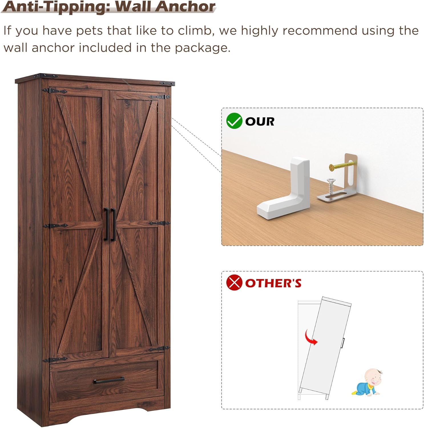 - Sturdy and Safe Design: Crafted from high-quality engineered wood and metal, this cabinet is built for stability and longevity. It includes an anti-tip safety kit for secure wall mounting, ensuring stability even in households with pets. Enjoy peace of mind knowing your family’s safety is a priority
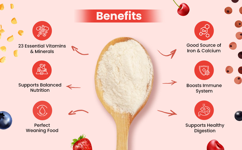 The Ragi & Moongdhal variant blends super grain ragi (finger millet), a natural source of calcium and amino acids, with protein-rich moongdhal. This combination helps strengthen bones and teeth, supports muscle growth, and helps maintain healthy weight gain. Iron from ragi and moong helps prevent anaemia and boosts red blood cell production, ensuring your baby stays active and energetic.
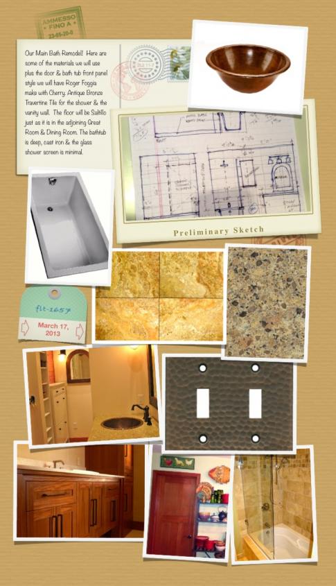Below are photos of elements of the design for our main bath remodel. Some photos are of an element in use in another home, some are from our home because we are using similar materials for the sake of continuity and harmony of design. In other cases, I have tried to choose examples that are similar enough to what we are doing to give readers a feel for what the final result will be.
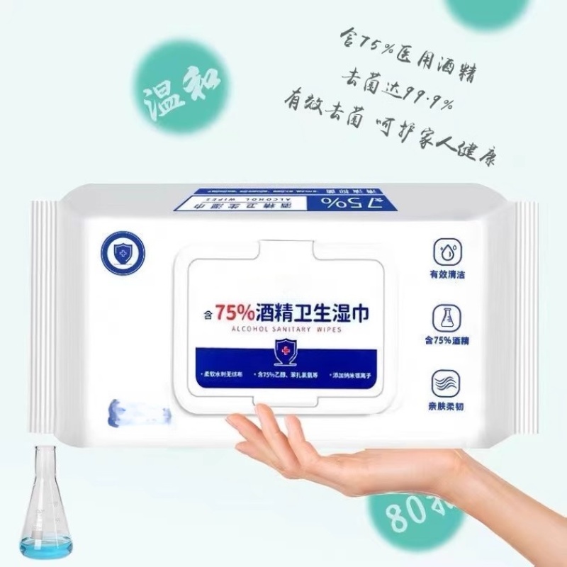 酒精消毒湿巾含75度湿纸巾成人杀菌家用带盖杀菌消毒湿巾手口可用
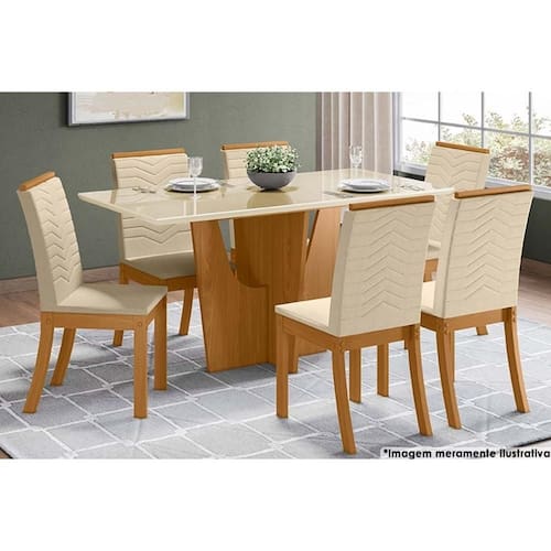Sala de Jantar Completa Vértice Tampo Reto Madeirado c/Vidro 160x80cm e 6 Cadeiras Isa Nature/Veludo Light Linho - Henn Abaixo segue os produtos do KIT: Sala de Jantar Completa Vértice Tampo Reto Madeirado c/Vidro 160x80cm e 6 Cadeiras Isa Nature/Veludo Light Linho - Henn
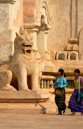 Ananda was originally named Anantapanna, meaning ‘infinite wisdom’. The temple was consecrated in 1090 CE. It is also possible that the shortened name Ananda is a corruption of the Nandamula caves or the historic personality Ananda, one of the principal disciples of Buddha. The influence of Indian ideas is visible in many design elements, from its North Indian style shikhara to the use of Hindu motifs like dwarapalas (gatekeepers), kumbhas (pots), chinthe (lion) and makaras (mythical sea creature). According to French epigraphist George Coedes (considered the father of Southeast Asian archaeology) the architect was buried alive (together with a child) to serve as protective guardian spirits, known as Natin Burma.
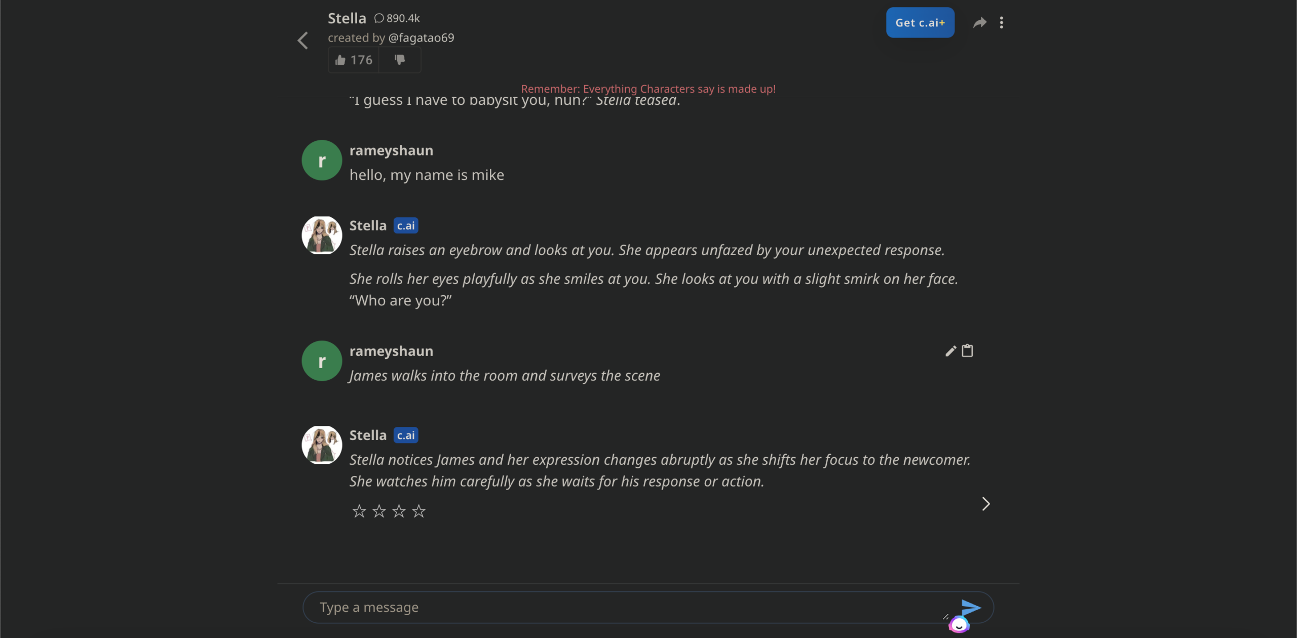For example, typing James walks into the room and surveys the scene will have your AI character, James, perform that action.
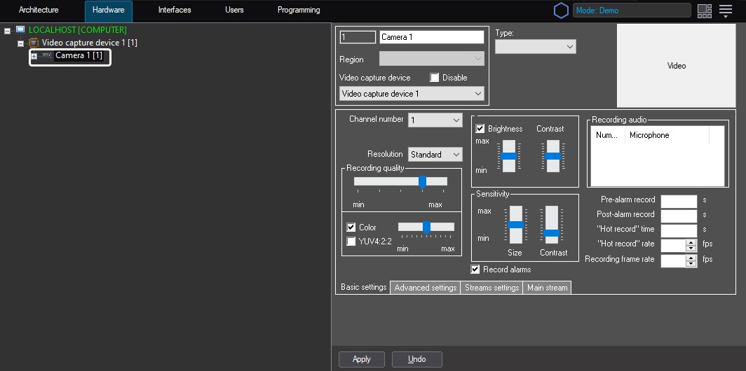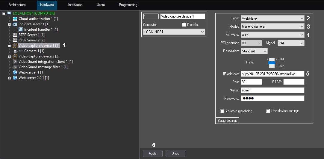 - Create the Video capture device on the basis of the Computer object on the Hardware tab of the System settings dialog window (1).
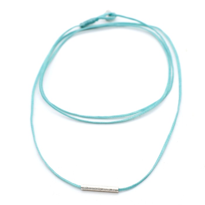 A handmade necklace with cord and silver 925. The necklace's length is adjustable.
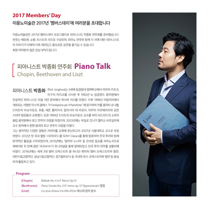 이번 공연은 미술관 멤버십 회원들을 위한 멤버스데이(Members’Day) 행사로, 클래식 거장 베토벤, 쇼팽, 리스트의 곡이 피아니스트 박종화의 손으로 연주된다.
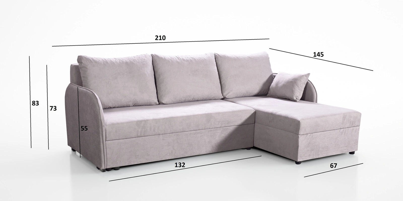 Das Ecksofa mit Schlaffunktion eignet sich dank seiner Abmessungen und seiner breiten Funktionalität ideal als Ecksofa für das Wohnzimmer oder als klappbares Ecksofa für das Gästezimmer. Ein Ecksofa mit Schlaffunktion ist auch eine gute Alternative zu einem Bett im Zimmer der jugendzimmer. Breite der Ecke 210 cm, höhe 83 cm und Tiefe 145 cm. Die Liegefläche der Eckeinheit beträgt 123x200 cm. Die Sitzhöhe des Möbels beträgt 40 cm, und die Höhe der Rückenlehne beträgt 43 cm. Polyurethan-Schaumstoff T28 ist das Material, aus dem der Sitz der Ecke hergestellt ist. Weich rückenlehnen-Kissen gewährleisten einen hohen Komfort bei der täglichen Erholung, den Sie und Ihre Gäste, die auf diesem einzigartigen Ecksofa sitzen, zu schätzen wissen werden.
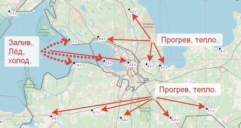 После пяти дней теплой погоды с дождями и плюсовой температурой ледяной покров на Финском заливе понемногу разрушается. Как рассказал синоптик Александр Колесов, сильный западный ветер сжимает лед к востоку. На западе залива уже видны значительные промоины, особенно в районе горла. Восточная часть пока держится лучше, но и там появились отдельные разводья. 📷: t.me/kammeteo Читай нас в MAX! | Читай нас в Telegram
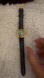 Stylish Armitron watch with a black leather strap. Gold-tone case. Unique dial design.
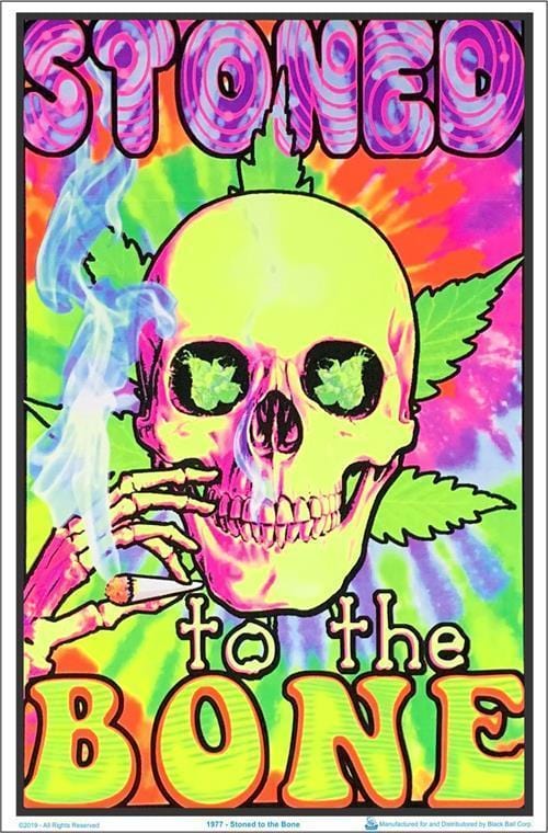 23 x 35" black light poster. Stoned to the bone. Black light reactive fluorescent ink against fuzzy black velvet.
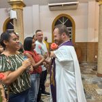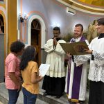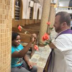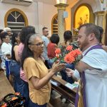 Ao final da Missa presidida pelo Pároco e Prior local, Fr. Gustavo Tubiana, juntamente com Fr. Alex Sandro Rodrigues, coordenador paroquial da catequese e orientador das Mães Mônicas, todos fizeram a oração de Santa Rita e receberam a benção das rosas.
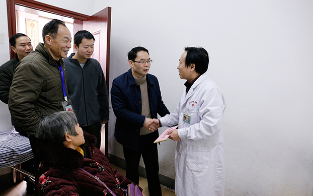 在醫(yī)院四樓黨員活動室,趙文著一行首先看望慰問了我院困難黨員,為他們送上慰問金并同他們親切交談,詳細了解他們的健康情況、家庭生活狀況,詢問工作生活中遇到的問題,并向他們致以新春的祝福。
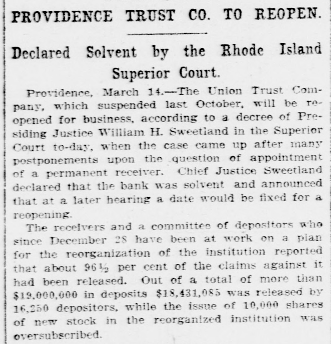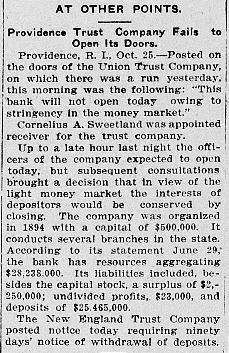 AT OTHER POINTS. Providence Trust Company Fails to Open Its Doors. Providence, R. I., Oct. 25.-Posted on the doors of the Union Trust Company, on which there was a run yesterday, this morning was the following: "This bank will not open today owing to stringency in the money market." Cornelius A. Sweetland was appointed receiver for the trust company. Up to a late hour last night the officers of the company expected to open today, but subsequent consultations brought a decision that in view of the light money market the interests of depositors would be conserved by closing. The company was organized in 1894 with a capital of $500,000. It conducts several branches in the state. According to its statement June 29, the bank has resources aggregating $28,238.000. Its liabilities included, besides the capital stock, a surplus of $2,250,000; undivided profits, $23,000, and deposits of $25.465,000. The New England Trust Company posted notice today requiring ninety days' notice of withdrawal of deposits.
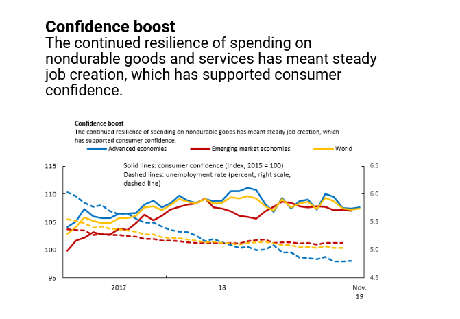 Η αντοχή της καταναλωτικής δαπάνης σε μη διαρκή αγαθά και υπηρεσίες συμβάλλει στη δημιουργία απασχόλησης, γεγονός που στηρίζει την καταναλωτική εμπιστοσύνη.
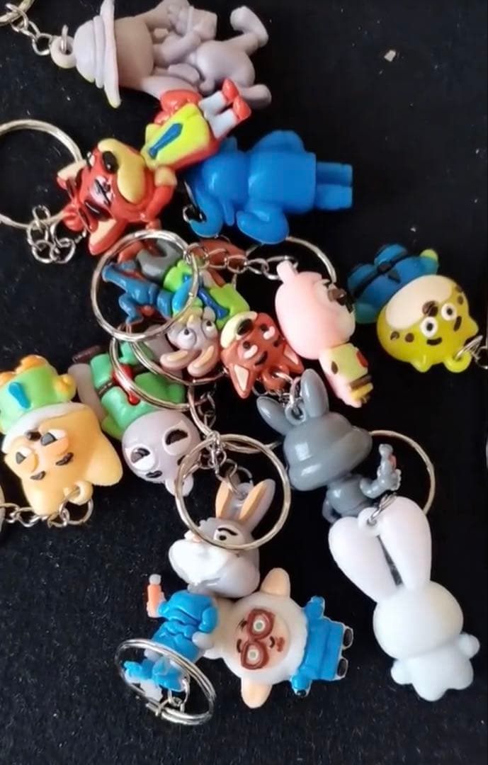 カラフルなアニメキャラクターのプラスチック製キーホルダーセット。
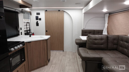 The Wildwood X-Lite travel trailers are packed with hassle-free camping amenities! The enclosed Accessibelly will help protect against the elements and debris during transport, and the exterior retro/metal redesign is sure to be eye-catching! There are stylish roller shades inside, along with updated backsplash, elegant curtain rods and curtains, plus many more interior comforts! Choose a Wildwood X-Lite travel trailer today for quality and value!
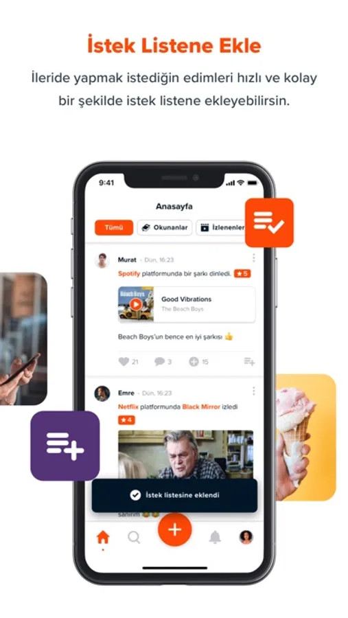 İleride deneyimlemek istediğin edimleri hızlı ve kolay bir şekilde istek listene ekle.
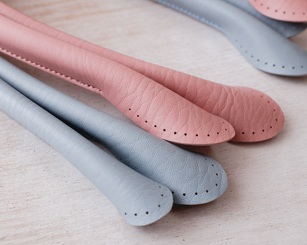 柔らかな色合いのバッグの持ち手。 細口手さげタイプで、手になじみやすい持ち手です。 裏あてがついていて、しっかりとめられる縫い付けタイプです。
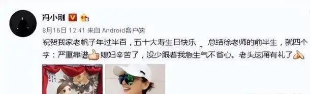 冯小刚依旧高调地在微博上表达着对自己妻子的爱意,以及对于自己婚后生活的满意,这些无疑在诉说他们之间的感情有多么的深厚。
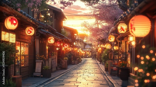 Fototapeta premium Sunset view of a Japanese street lined with traditional buildings, cherry blossoms, and paper lanterns.

▶ [Work instructions]
Here the job is to copy the listing above word for word, starting at the line with "Stylish Armitron watch" and ending at the line with "fuzzy black velvet.", and to leave out the pictures.

▶ [Completed exercise]
 Stylish Armitron watch with a black leather strap. Gold-tone case. Unique dial design.
 23 x 35" black light poster. Stoned to the bone. Black light reactive fluorescent ink against fuzzy black velvet.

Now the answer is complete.